UI-TARS Desktop is an open-source application that turns the model into a usable agent for a local machine. It is described as a native GUI agent for your local computer driven by the UI-TARS and Seed vision-language models, and it supports Windows, macOS, and browser targets. It takes natural-language instructions, captures screenshots, and issues mouse and keyboard actions with real-time feedback during execution [4]. The same repository also hosts Agent TARS, a broader multimodal agent stack with a command-line interface and web UI that can connect to external tools through Model Context Protocol servers [4].
On 17 April 2025, ByteDance Seed released UI-TARS-1.5 and open-sourced a 7B checkpoint, UI-TARS-1.5-7B, under Apache 2.0 [5][6]. The 1.5 update adds reinforcement learning on top of the original recipe and emphasizes an explicit think-then-act strategy, strengthening long-horizon reasoning and generalization in unfamiliar environments. ByteDance also reported, for the first time in this line of work, results in game-playing scenarios (a set of Poki browser games and Minecraft tasks) in addition to the standard GUI suite [5][6]. The reported gains are substantial.

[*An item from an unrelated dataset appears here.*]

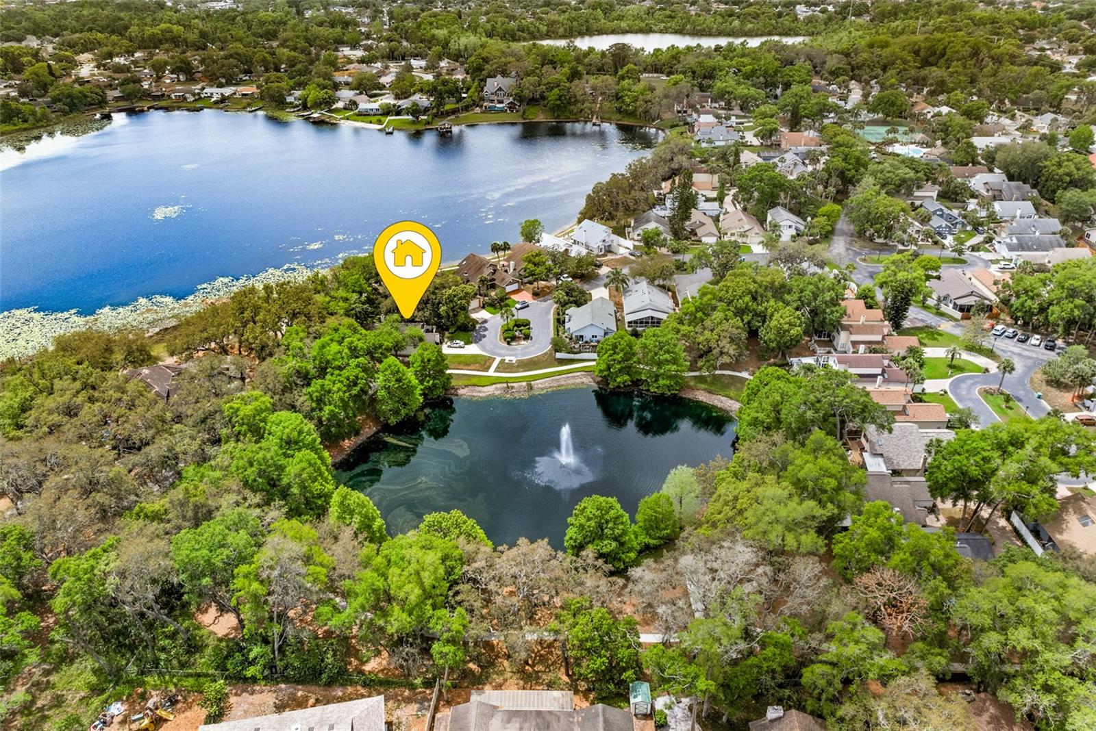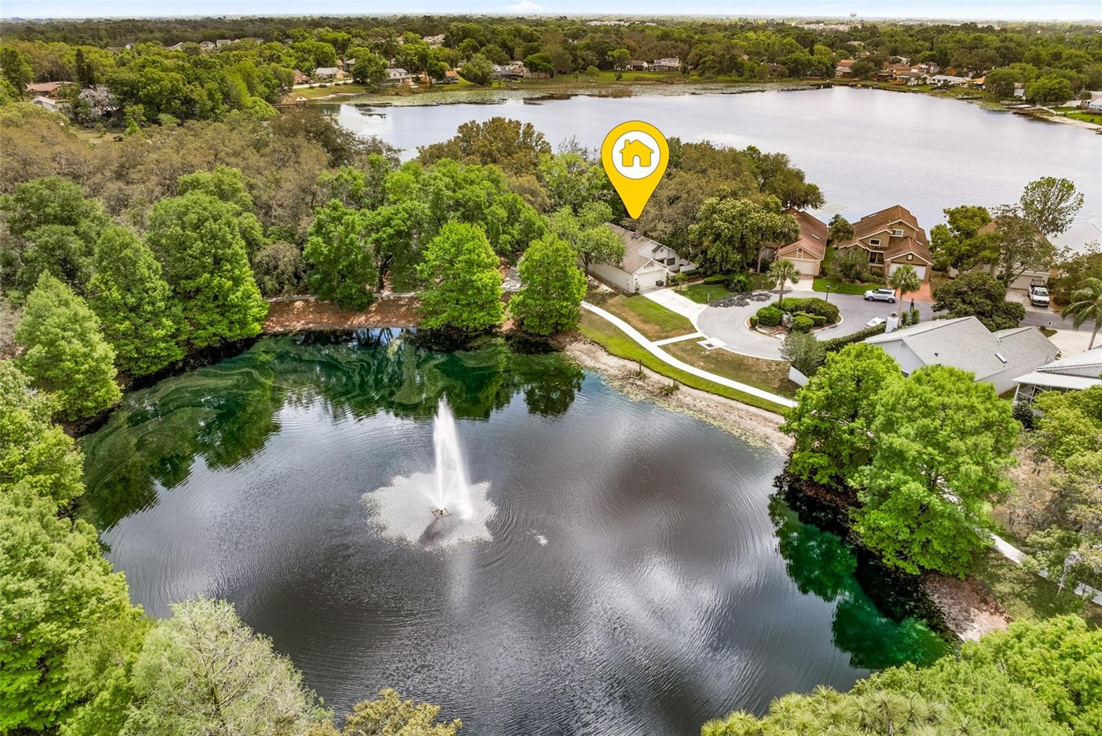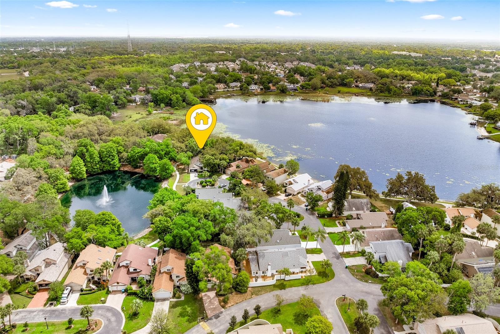 One or more photo(s) has been virtually staged. Quaint Lake View Home nestled on a quiet cul-de-sac within the sought-after Landings Community. The home offers picturesque lake views from the rear yard and a beautiful Pond from the front. Great floor plan provides an exceptional blend of comfort and style. The home features a vaulted-ceiling master suite complete with a luxurious en-suite bathroom, double closets, and access to the oversized patio. On the opposite side, one additional bedroom and a full bath provide privacy and convenience. At the heart of the home, an expansive living area with soaring ceilings, a cozy wood-burning fireplace, and panoramic lake and yard views. 10x40 patio with a screened pergola - perfect for relaxing or entertaining. The remodeled eat-in kitchen featuring abundant cabinetry, newer appliances, and granite countertops. A third bedroom or office with access to the patio— located just off the main living area—offers flexibility! Additional highlights include a beautiful atrium that allows for lots of natural light at the center of the home. A two-car garage, a full-size garden court area perfect for those BBQ enthusiasts! The home is surrounded by mature trees and lush landscaping, creating a serene yet low-maintenance retreat. The community is gated with lovely walking paths, tennis and pickleball courts, and a community pool. It is located in Historic Longwood, convenient to Rider Park(lovely concerts and Farmers Market on Saturday), Sunrail, bus line, numerous medical offices, restaurants, banks and shopping. This home truly must be seen to be appreciated—spectacular lake views and a prime cul-de-sac location make it an exceptional find.

| UI-TARS-1.5 benchmark | UI-TARS-1.5 | OpenAI CUA | Claude 3.7 | Previous best |
|---|---|---|---|---|
| OSWorld (100 steps) | 42.5 | 36.4 | 28 | 38.1 |
| Windows Agent Arena (50 steps) | 42.1 | N/A | N/A | 29.8 |
| WebVoyager | 84.8 | 87 | 84.1 | 87 |
| Online-Mind2Web | 75.8 | 71 | 62.9 | 71 |
| AndroidWorld | 64.2 | N/A | N/A | 59.5 |
| ScreenSpot-V2 | 94.2 | 87.9 | 87.6 | 91.6 |
| ScreenSpot-Pro | 61.6 | 23.4 | 27.7 | 43.6 |
The 1.5 release lifted the OSWorld score to 42.5 over a 100-step budget, ahead of OpenAI's computer-using agent (36.4) and Claude 3.7 (28), and pushed ScreenSpot-Pro grounding to 61.6 [5][6]. ByteDance subsequently announced a further iteration, UI-TARS-2, on 4 September 2025 [2]. The work fits into ByteDance's wider agent and model efforts, which also include the Doubao consumer assistant and the company's family of foundation models.
The UI-TARS model checkpoints, the original 2B/7B/72B releases and UI-TARS-1.5-7B alike, are published under the Apache 2.0 license, as are the UI-TARS and UI-TARS Desktop code repositories [3][4][6]. This permits commercial use, modification, and redistribution, and it places UI-TARS among the more permissively licensed open computer-use models, in contrast to the proprietary computer-use agents from OpenAI and Anthropic against which it is benchmarked.